MATERIAL SHOWN:
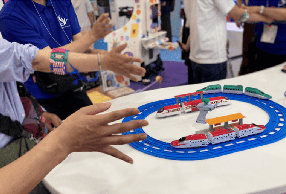 The National Rehabilitation Center for Persons with Disabilities utilizes a system (*) that allows for remote control of PLARAIL based on the same principle as myoelectric prostheses, as a way for children with congenital upper limb deficiency to learn how to move a prosthetic while having fun. They are working toward the popularization of pediatric myoelectric prostheses.
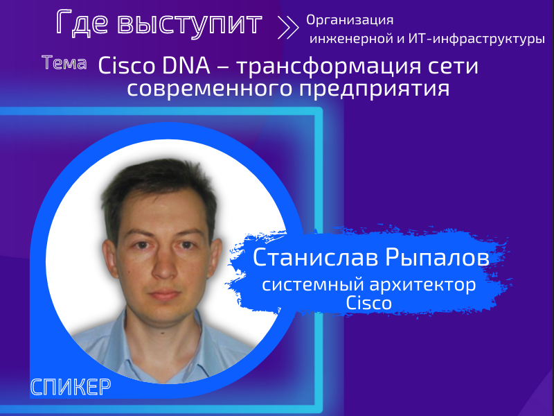Спикер ИТ - форума Рыпалов Станислав с темой "Cisco DNA – трансформация сети современного предприятия"В рамках секции «Организация инженерной и ИТ-инфраструктуры» выступит спикер от компании Cisco - Рыпалов Станислав с докладом об архитектуре цифровых сетей Cisco DNA ...
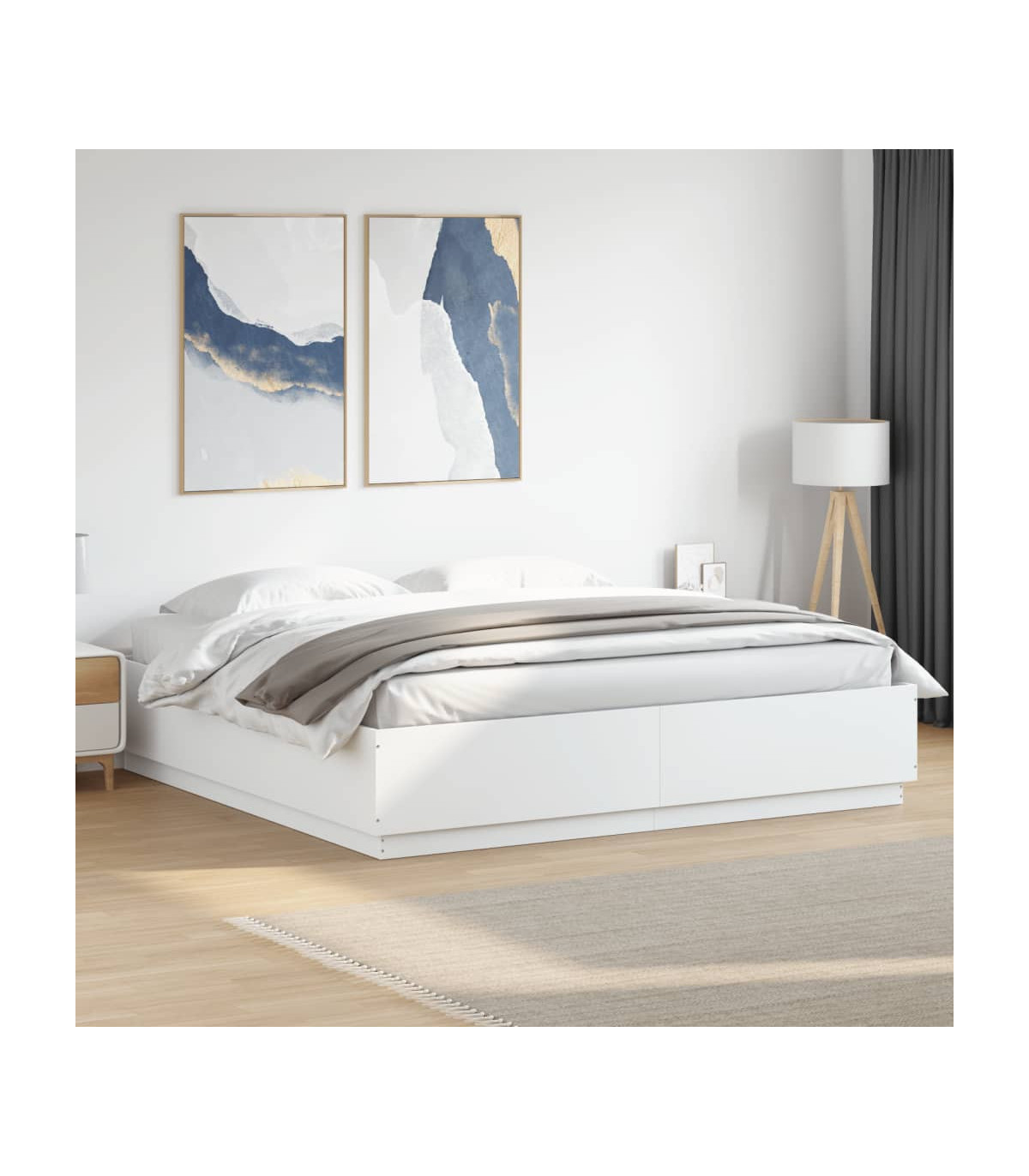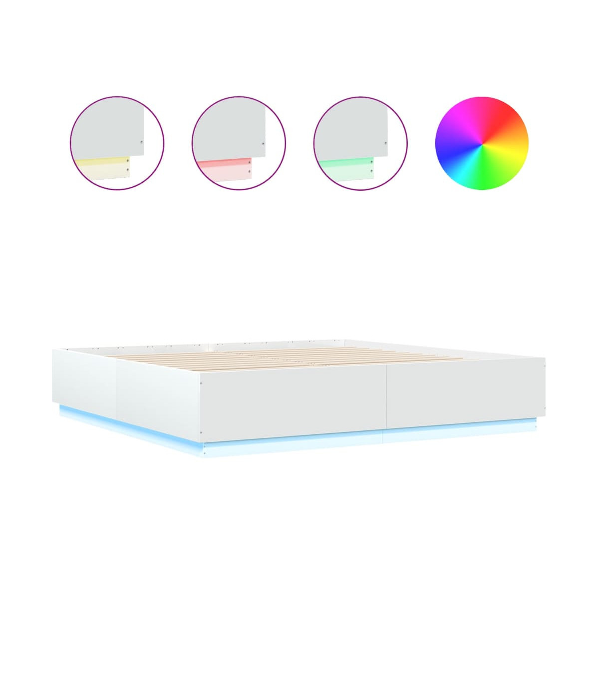 vidaXL Bed Frame with LED Lights White 200x200 cm Engineered Wood
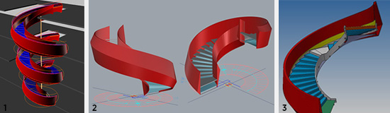 The stair underwent many design iterations before a final profile was reached. In its earliest stages, each flight of the stair had a unique radius and profile, most similar to the logo itself (image 1). As the stair developed, the radius became the same for each flight and the profile changed shape as it spiraled from the bottom floor to the top (image 2). In the end, the profile of the inner curve became rectangular and the outer curve maintained a continuous beveled profile (image 3). While the profile underwent many variations, the design intent was always for the stair material to be a continuous, solid surface. For that reason, Krion – a solid surface material manufactured by Porcelanosa – was chosen because sheets of the material can be thermoformed into curved pieces and then seamlessly welded together to create one continuous smooth surface.
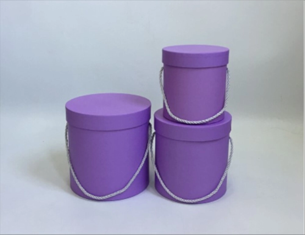 Коробка шляпная, D23xH19,5 см - D17xH14 см, набор (3 шт), с ручкой Фиолетовый

TO DO:
Write out again, word for word, the lines from the one holding "Спикер ИТ - форума" through the final line of the listing, including both ends but no pictures.

OUTPUT OF THE TASK:
Спикер ИТ - форума Рыпалов Станислав с темой "Cisco DNA – трансформация сети современного предприятия"В рамках секции «Организация инженерной и ИТ-инфраструктуры» выступит спикер от компании Cisco - Рыпалов Станислав с докладом об архитектуре цифровых сетей Cisco DNA ...
 vidaXL Bed Frame with LED Lights White 200x200 cm Engineered Wood
 The stair underwent many design iterations before a final profile was reached. In its earliest stages, each flight of the stair had a unique radius and profile, most similar to the logo itself (image 1). As the stair developed, the radius became the same for each flight and the profile changed shape as it spiraled from the bottom floor to the top (image 2). In the end, the profile of the inner curve became rectangular and the outer curve maintained a continuous beveled profile (image 3). While the profile underwent many variations, the design intent was always for the stair material to be a continuous, solid surface. For that reason, Krion – a solid surface material manufactured by Porcelanosa – was chosen because sheets of the material can be thermoformed into curved pieces and then seamlessly welded together to create one continuous smooth surface.
 Коробка шляпная, D23xH19,5 см - D17xH14 см, набор (3 шт), с ручкой Фиолетовый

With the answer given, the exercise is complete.